Blood compatibility of polyaiticglycolic acid/RNA Ⅲ inhibiting peptide microspheres

ABSTRACT

OBJECTIVE:

To evaluate blood compatibility of polyaiticglycolic acid/RNA Ⅲ inhibiting peptide (PLGA/RIP) delayed release microspheres.

① Preparation of PLGA/RIP microspheres The solid-phase synthesis (Fmoc) method was used to synthesize RIP crude sample from C end to N end; the synthesized crude peptide was purified by the reverse phase high performance liquid chromatography. According to UV absorption peak, the components were collected and freeze-dried, to obtain RIP purifications. Then liquid-phase multiple emulsion method was used to prepare PLGA/RIP microspheres at the diameter of 50-70 μm. ② Preparation of eluent The PLGA/RIP microsphere powders were eluted with sterile physiological saline at 37 ℃, to prepare 1 g/L eluent; then 0.5 g/L eluent was obtained adding equal volume of sterile physiological saline. The hemolysis test, blood clotting test, and platelet aggregation test were conducted to measure prothrombin time and activated partial thromboplastin time, to observe the influence on rabbit leucocytes, erythrocytes and thrombocytes, and to preliminarily evaluate the blood compatibility of PLGA/RIP microspheres.
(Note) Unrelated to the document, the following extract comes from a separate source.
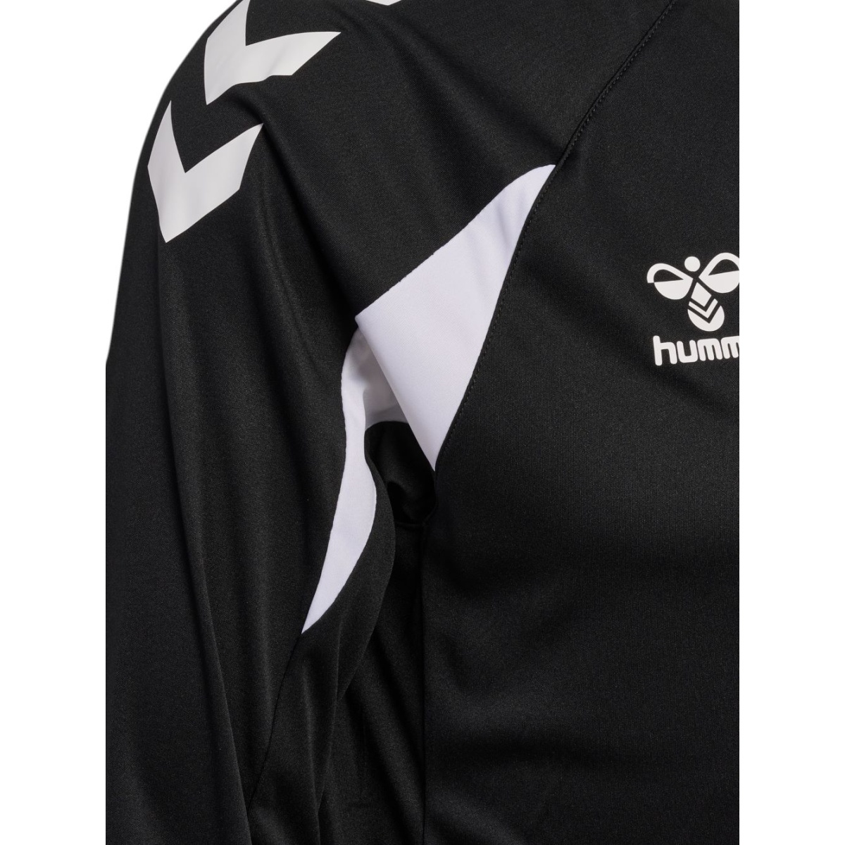 • posiada klasyczny okrągły dekolt, kontrastowe wstawki na ramionach oraz chevrony hummel na rękawach, które nadają niepowtarzalny i sportowy wygląd drużynowy.
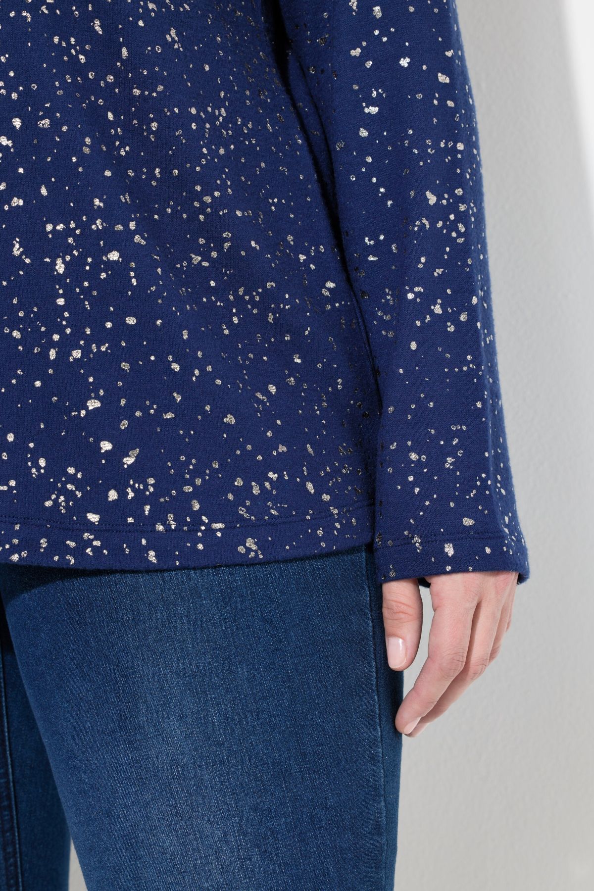 Блестящ металически принт, V-образно деколте, удобна кройка, леко спуснати рамене, дълги ръкави, регулирана дължина приблизително 68-76 см.

①The haemolysis rates of eluent stock solution and 0.5 g/L eluents were 3.24% and 2.67% respectively, which were in coincidence with the criteria of medical biomaterials, less than 5%. ② The eluent stock solution and 0.5 g/L eluents of PLGA/RIP microspheres had no significant effect on rabbit clotting time, prothrombin time and activated partial thromboplastin time, the number of rabbit leucocytes, erythrocytes and thrombocytes, as well as platelet aggregation.

PLGA/RIP delayed release microspheres have a good blood compatibility.